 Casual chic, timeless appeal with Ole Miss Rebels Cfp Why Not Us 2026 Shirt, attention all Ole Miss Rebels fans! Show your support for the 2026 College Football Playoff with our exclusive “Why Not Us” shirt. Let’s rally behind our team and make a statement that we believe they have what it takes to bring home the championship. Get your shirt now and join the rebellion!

---

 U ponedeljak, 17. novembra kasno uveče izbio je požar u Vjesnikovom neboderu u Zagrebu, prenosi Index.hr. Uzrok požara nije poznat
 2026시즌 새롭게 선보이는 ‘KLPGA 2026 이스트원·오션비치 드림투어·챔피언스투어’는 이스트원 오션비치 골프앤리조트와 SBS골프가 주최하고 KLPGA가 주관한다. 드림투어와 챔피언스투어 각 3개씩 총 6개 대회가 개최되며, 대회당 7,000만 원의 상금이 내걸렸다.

▶ **WHAT TO PRODUCE**:
For the listing above, print only the lines starting at the line containing "U ponedeljak, 17." and ending at the line containing "2026시즌 새롭게 선보이는", exactly, both included.

▶ **RESULT OF THE EXERCISE**:
 U ponedeljak, 17. novembra kasno uveče izbio je požar u Vjesnikovom neboderu u Zagrebu, prenosi Index.hr. Uzrok požara nije poznat
 2026시즌 새롭게 선보이는 ‘KLPGA 2026 이스트원·오션비치 드림투어·챔피언스투어’는 이스트원 오션비치 골프앤리조트와 SBS골프가 주최하고 KLPGA가 주관한다. 드림투어와 챔피언스투어 각 3개씩 총 6개 대회가 개최되며, 대회당 7,000만 원의 상금이 내걸렸다.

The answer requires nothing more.